2 gallons apple juice (brand???)
2 apple juice concentrates (brand???)
3 cups of suger
some cinnamin
mutons yeast

og 1.080 fermenting nicely

Will it turn out as a descent drink or just be garbage.
 
Test my FG on this its ended up at .996 that puts me over 11% deffinatly a wine, not to bad actually but pretty dry... Any recommendations as far as backsweeting this? If I add sugers at this point will it just restart or do I have to kill the yeasts to do that...

Thanks in advance
 
You really should add chemicals to make sure the yeast stays dead if you want to sweeten it. Or, and some people cringe at this idea, use Splenda because it won't start fermenting again.
 
Depends on how sweet you want it. If you just want to take the dry edge off you could use wine conditioner. I wouldn't try to really sweeten up something with it, though. I made a similar batch recently and finished it up by racking onto some crushed campden tablets and potassium sorbate, then backsweetening with apple juice concentrate. I was a little worried about restarting the fermentation but it's been several weeks and nothing so far.

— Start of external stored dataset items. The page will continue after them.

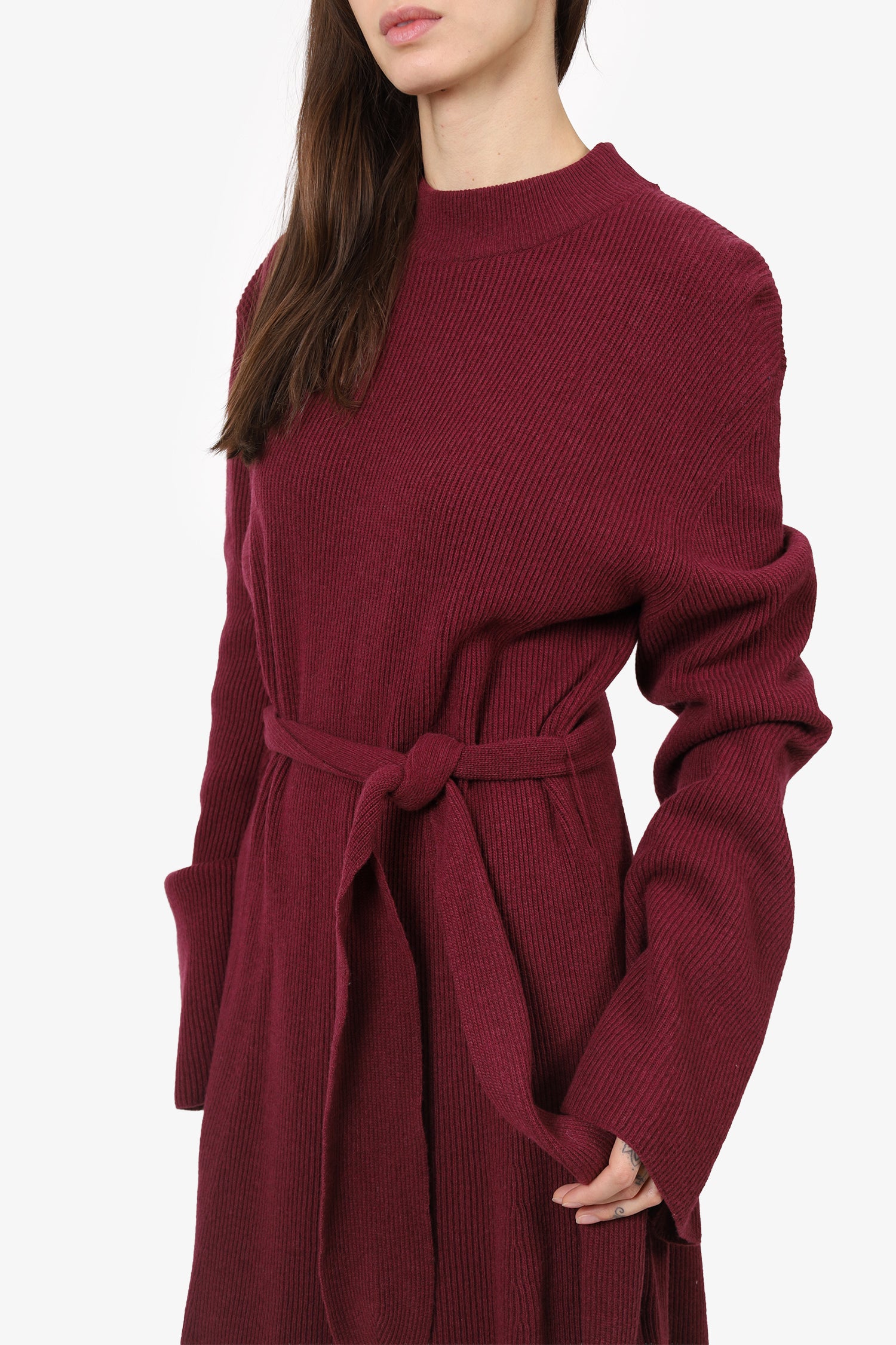 Refresh availabilityNanushka Burgundy Wool Knit Dress. Pull-on. Round neckline. Removable belt at waistline. Tonal stitching.
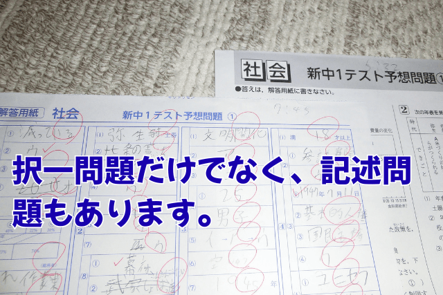 問題文と解答欄が別になっており、中学校の定期テスト形式に合わせた構成になっています。小学校のカラーテストとは異なるモノクロ印刷で、文章表現も中学校仕様。
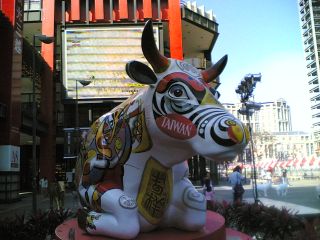 今年生肖牛年,搭配牛年,臺北市文化局協辦的“2009臺北奔牛節、奔牛入市、放養 ”活動.由兩只牛拼奏成一頭奔跑的牛藝術,另外全世界最大的牛,長、高四米六、兩米五,則現身在信義商圈,藝術家創作的主軸為平安牛,上頭畫滿臺灣傳統的民俗圖騰。國際文創執行長陳秉鴻表示,臺北市是全世界第六十五個城市舉辦奔牛節活動,為了凸顯臺灣文化,臺北奔牛節充滿亞洲創意元素。
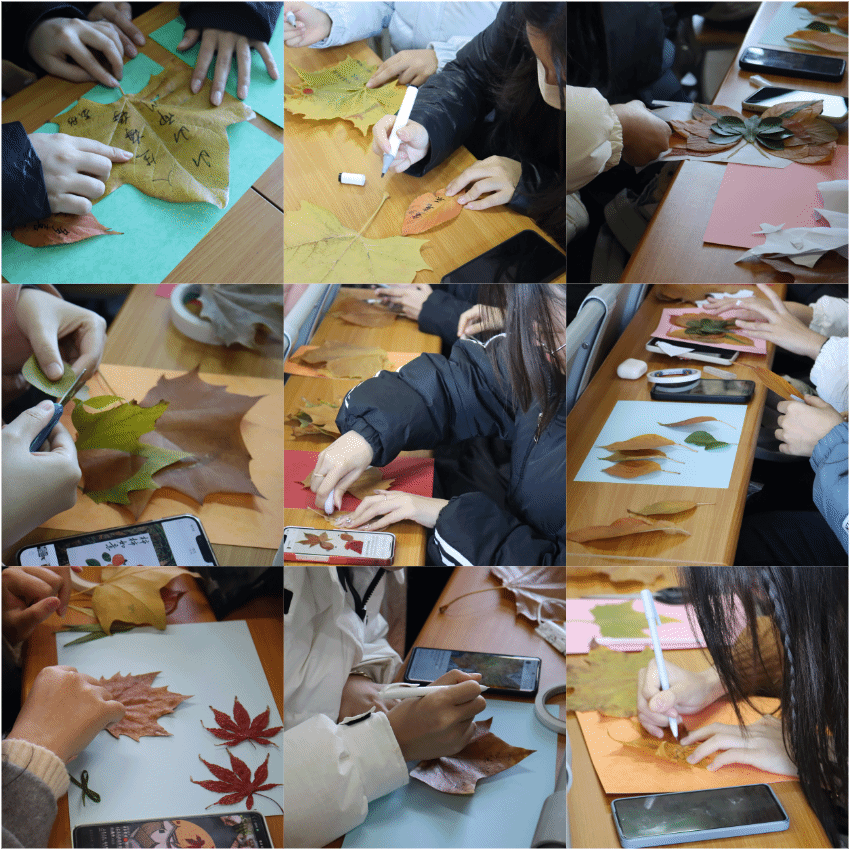 活动中,同学们积极参与,凭借着善于发现美的眼睛和善于创作的双手,深入到校园的自然美景中去捡拾落叶,绘制充满想象力的树叶画,还将自己最喜欢的诗句和最虔诚的祝福写在大自然的馈赠上,制作成了精美的书签,作为学习时的动力和对来年最好的祝福。一缕情丝寄落叶,每一个书签,每一幅树叶画不仅体现了同学们对季节的喜爱,更体现了对大自然的赞美。此次活动中同学们将落叶转化成另一种美的形式保存下来,不仅调动了自身创造美的热情、锻炼了动手实践能力,更使环保意识得到了强化。
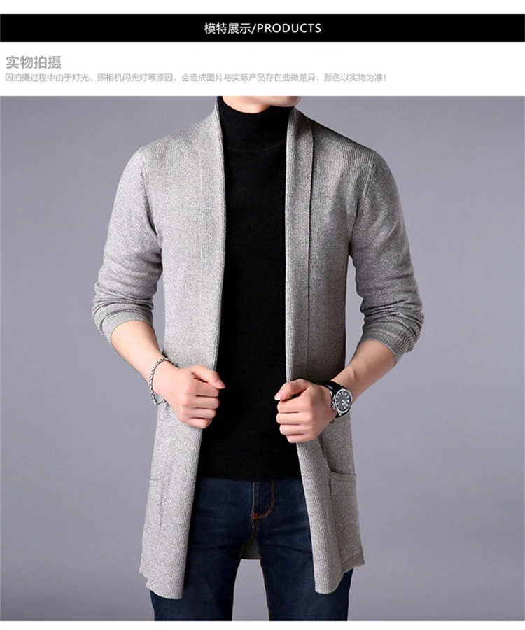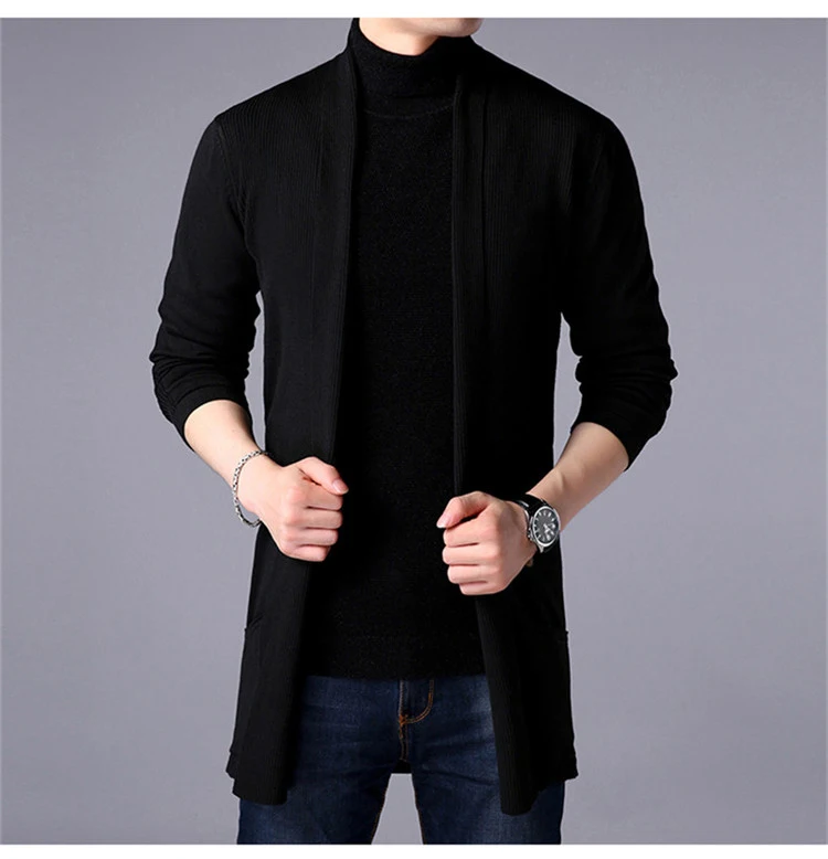 Мужской свитер, пальто, новинка 2020, осенняя мужская облегающая длинная однотонная вязаная куртка, модный Мужской Повседневный свитер, кардиган, пальто
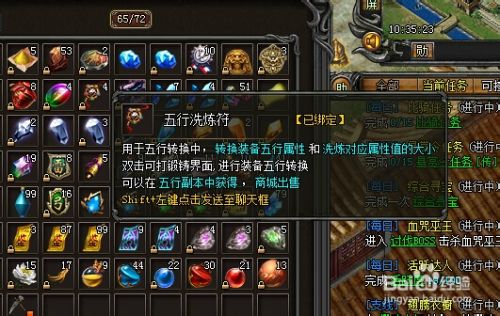 打开 锻铸--五行洗练 左边显示的是可以洗练的装备 洗练装备五行属性 用到的是装备洗练符
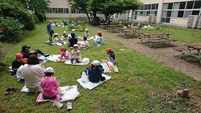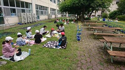 この「わかば給食」は学校の自然に親しみながら、他学年の児童同士の交流を図ることが目的です。
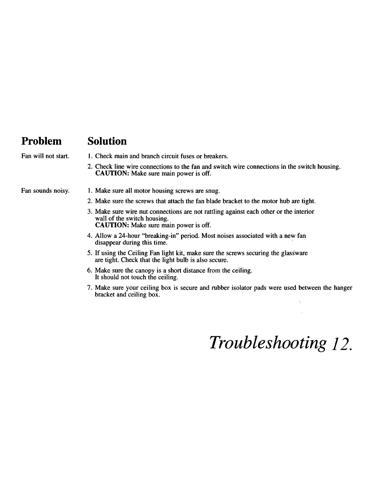 Progress Lighting EF200D - Troubleshooting; Common Fan Issues and Solutions
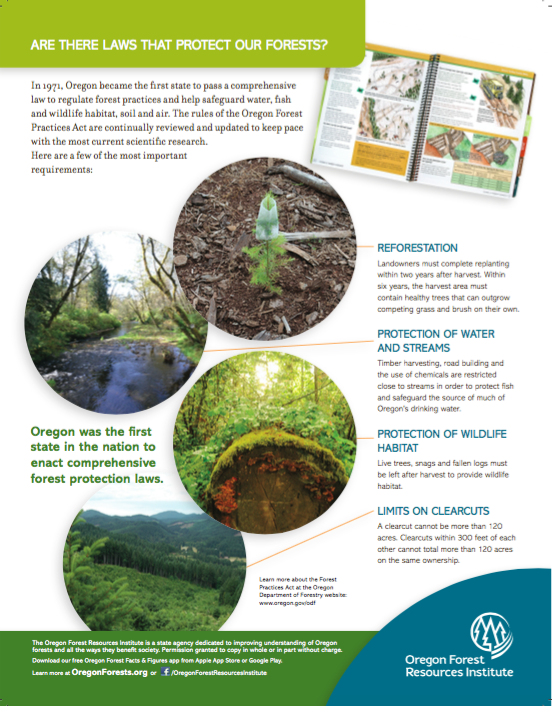Fact Sheet: Protection Are there laws that protect our forests? This one-page fact sheet looks at some of the protective measures created by the Oregon Forest Practices Act. Part of OFRI’s series of Forest Fact Sheets. FactSheet14_Protection_Laws.pdf Add to cart
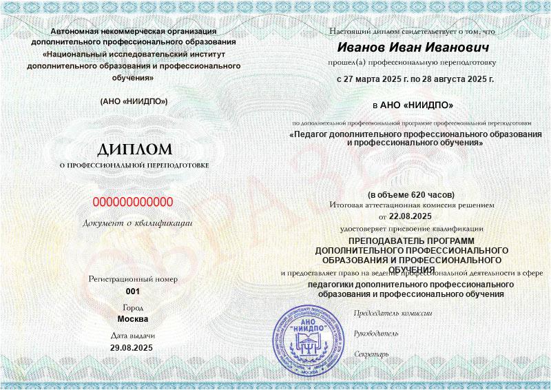Студент, желающий поступить в АНО «НИИДПО», должен предоставить справку из образовательной организации. Независимо от срока окончания обучения по программе дополнительного образования, диплом о профпереподготовке выдаётся только после предъявления документа о получении среднего профессионального или высшего образования.
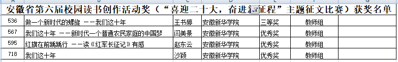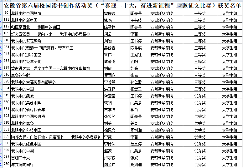 本网讯(通讯员:王青叶)由省委教育工委、省教育厅、省人力资源和社会保障厅、省文化厅、省新闻出版广电局、团省委主办的安徽省第六届校园读书创作系列活动结果公示结束。贝博官网共获奖27人,其中一等奖1人,二等奖4人,三等奖8人,其余为优秀奖。 获奖名单如下:

I had a glass today and it was very tasty.
 
Test my FG on this its ended up at .996 that puts me over 11% deffinatly a wine, not to bad actually but pretty dry... Any recommendations as far as backsweeting this? If I add sugers at this point will it just restart or do I have to kill the yeasts to do that...

Thanks in advance
You didn't say how old it was but myself I would age it more before I would add anything. The higher alcohol content the more it needs to age to taste good IMO. You may end up liking it the way it is. It's up to you of course.